[Exercise goal]:
Word for word, please copy the listing below, with its pictures left out.

[Data extract]:
↓
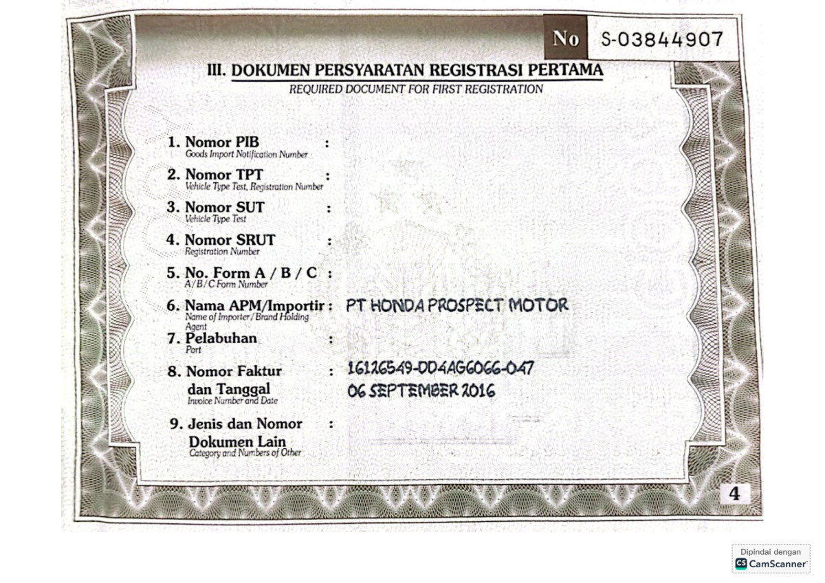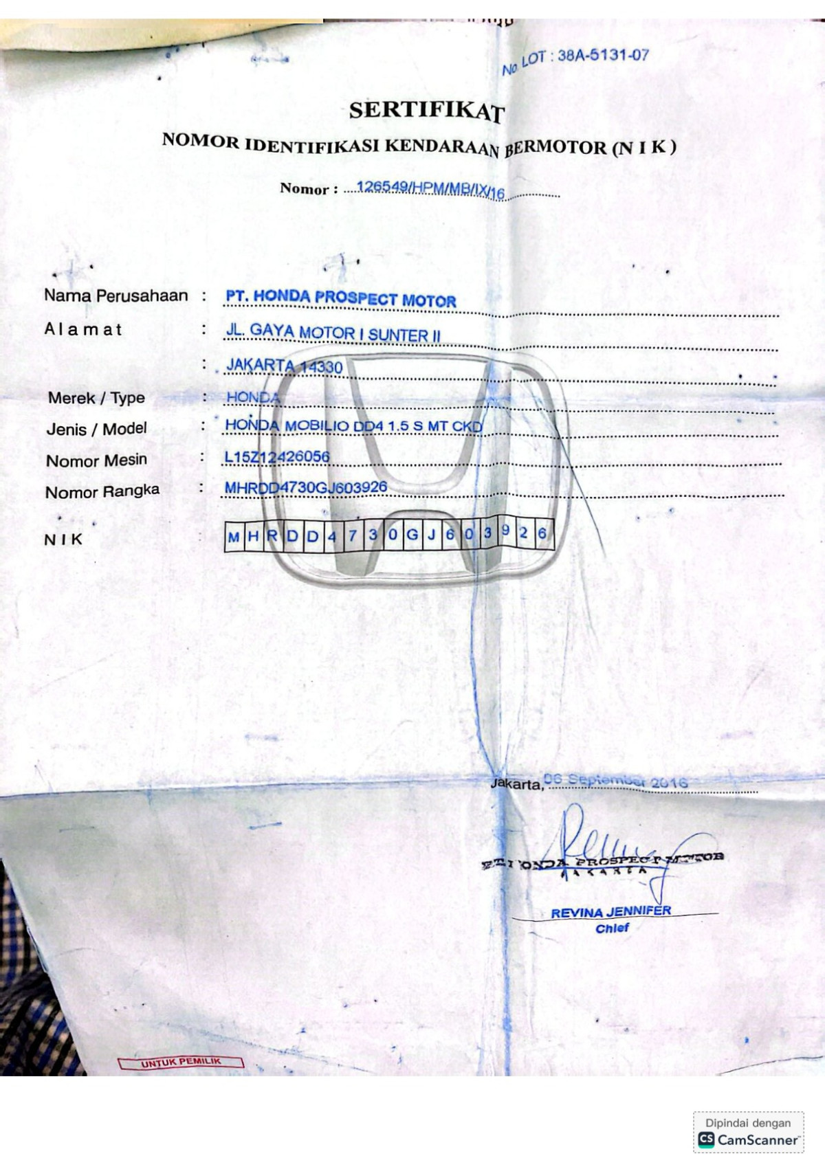 | No. Rangka | : | MHRDD4730GJ603926 |
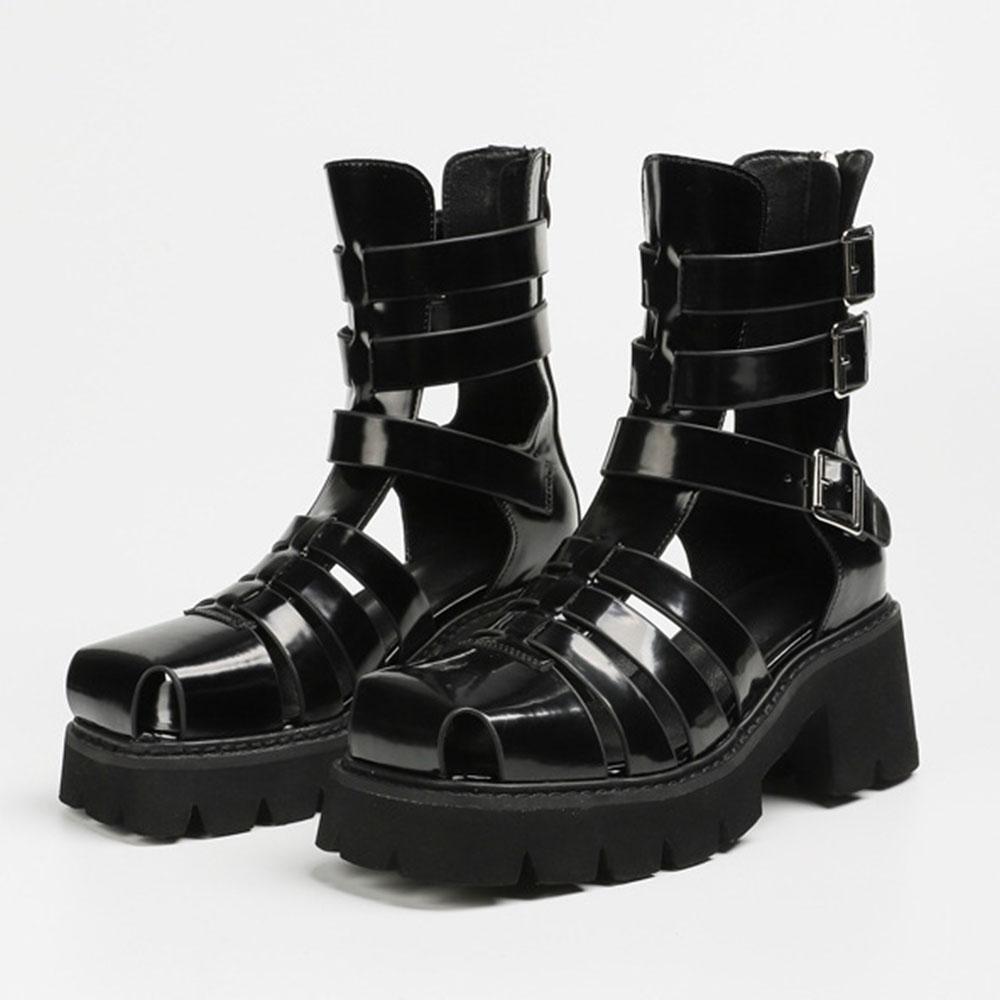 Летние модные женские сандалии в полом римском стиле с квадратным носком, плетеные, дышащие, на толстой платформе, с каблуком-молнией сзади
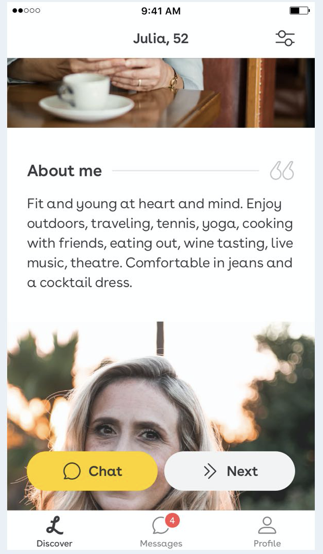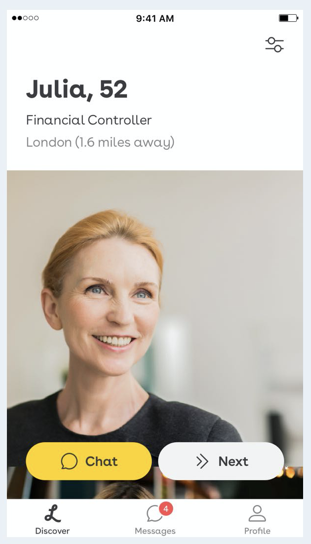 Lumen은 2018년 5월, UK 앱스토어 '오늘의 앱'에 소개되었으며 현재 130만 회원을 보유하고 있는 중년 층을 위한 데이팅 앱이다.
↑
[Answer to this exercise]:
 | No. Rangka | : | MHRDD4730GJ603926 |
 Летние модные женские сандалии в полом римском стиле с квадратным носком, плетеные, дышащие, на толстой платформе, с каблуком-молнией сзади
 Lumen은 2018년 5월, UK 앱스토어 '오늘의 앱'에 소개되었으며 현재 130만 회원을 보유하고 있는 중년 층을 위한 데이팅 앱이다.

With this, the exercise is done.